Records from a dataset

= = = = = = =

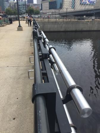 We left the marina walking under the bridge and towards the locks but took a pedestrian path that passes along the back of the locks that we didn’t even know was there. This way negates the need to use the stairs and cross the river via the bridge. It was a great discovery as it saves time and is safer. But what is also cool is there is a set of “chimes” (called the “Charlestown Bells”) that you can ring along the fence of the walkway. I am sure most people walk this path every day and don’t even know it exists as it looks like it is part of the railing. However, when you walk by if you push the levers the chimes are struck making a sound like hand bells.
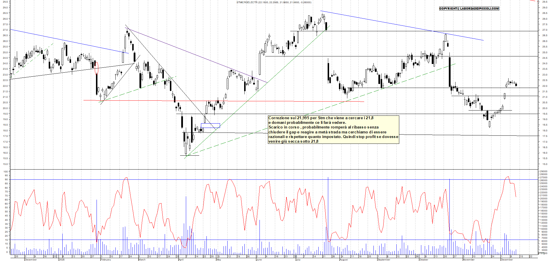 STM: Correzione sui 21,995 per Stm che viene a cercare i 21,8 e domani probabilmente ce li farà vedere. Scarico in corso , probabilmente romperà al ribasso senza chiudere il gap e reagire a metà strada ma cerchiamo di essere razionali e rispettare quanto impostato. Quindi stop profit se dovesse venire giù secca sotto 21,8
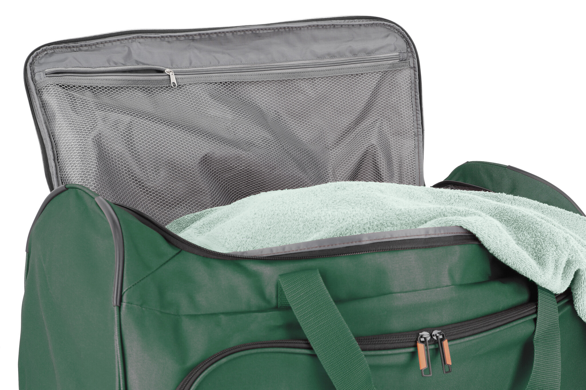 De tas is afgesloten met een rits en beschikt over een groot mesh-vak met rits aan de binnenkant, ideaal voor het georganiseerd opbergen van kleinere items. Aan de voorkant bevindt zich een ruim ritsvak, perfect voor reisdocumenten of andere essentials die je snel bij de hand wilt hebben.
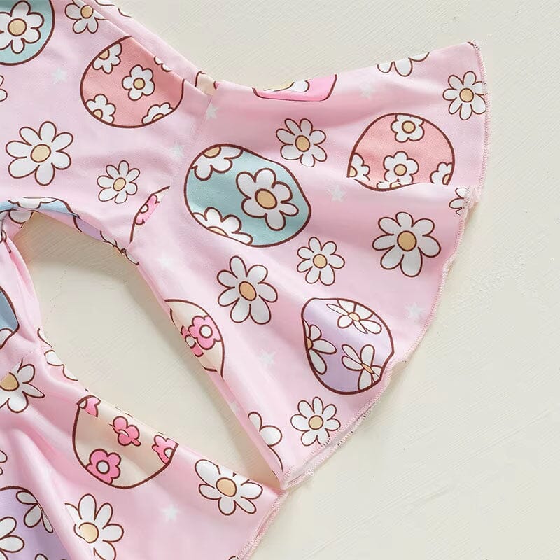 Jump into the spirit of Easter with this adorable toddler girl set, featuring a vibrant "Hip Hop" carrot-themed graphic on a crisp white tee. The matching pink flared pants, adorned with a playful Easter egg and floral print, bring a burst of springtime cheer to any outing. It's an ideal choice for capturing those memorable Easter moments in style and comfort.
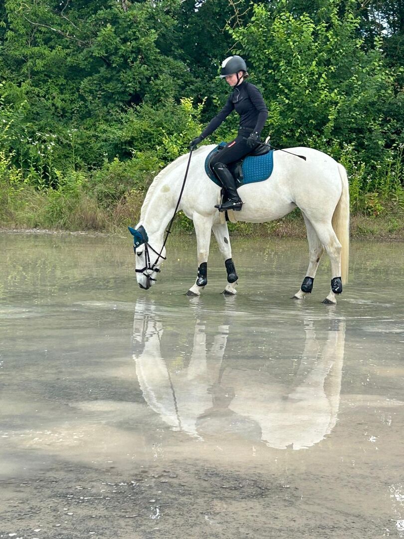 Auch außerhalb der Turnieratmosphäre ist sie für jeden Spaß zu haben. Ob mit Halsring reiten, ohne Sattel reiten oder stundenlange Ausritte (alleine), May macht alles mit Spaß an der Arbeit mit.

= = = = = = =

▸ Exercise instructions
The entries above, every one of them, should be retyped exactly, with no pictures carried over.

▸ Answer section
 We left the marina walking under the bridge and towards the locks but took a pedestrian path that passes along the back of the locks that we didn’t even know was there. This way negates the need to use the stairs and cross the river via the bridge. It was a great discovery as it saves time and is safer. But what is also cool is there is a set of “chimes” (called the “Charlestown Bells”) that you can ring along the fence of the walkway. I am sure most people walk this path every day and don’t even know it exists as it looks like it is part of the railing. However, when you walk by if you push the levers the chimes are struck making a sound like hand bells.
 STM: Correzione sui 21,995 per Stm che viene a cercare i 21,8 e domani probabilmente ce li farà vedere. Scarico in corso , probabilmente romperà al ribasso senza chiudere il gap e reagire a metà strada ma cerchiamo di essere razionali e rispettare quanto impostato. Quindi stop profit se dovesse venire giù secca sotto 21,8
 De tas is afgesloten met een rits en beschikt over een groot mesh-vak met rits aan de binnenkant, ideaal voor het georganiseerd opbergen van kleinere items. Aan de voorkant bevindt zich een ruim ritsvak, perfect voor reisdocumenten of andere essentials die je snel bij de hand wilt hebben.
 Jump into the spirit of Easter with this adorable toddler girl set, featuring a vibrant "Hip Hop" carrot-themed graphic on a crisp white tee. The matching pink flared pants, adorned with a playful Easter egg and floral print, bring a burst of springtime cheer to any outing. It's an ideal choice for capturing those memorable Easter moments in style and comfort.
 Auch außerhalb der Turnieratmosphäre ist sie für jeden Spaß zu haben. Ob mit Halsring reiten, ohne Sattel reiten oder stundenlange Ausritte (alleine), May macht alles mit Spaß an der Arbeit mit.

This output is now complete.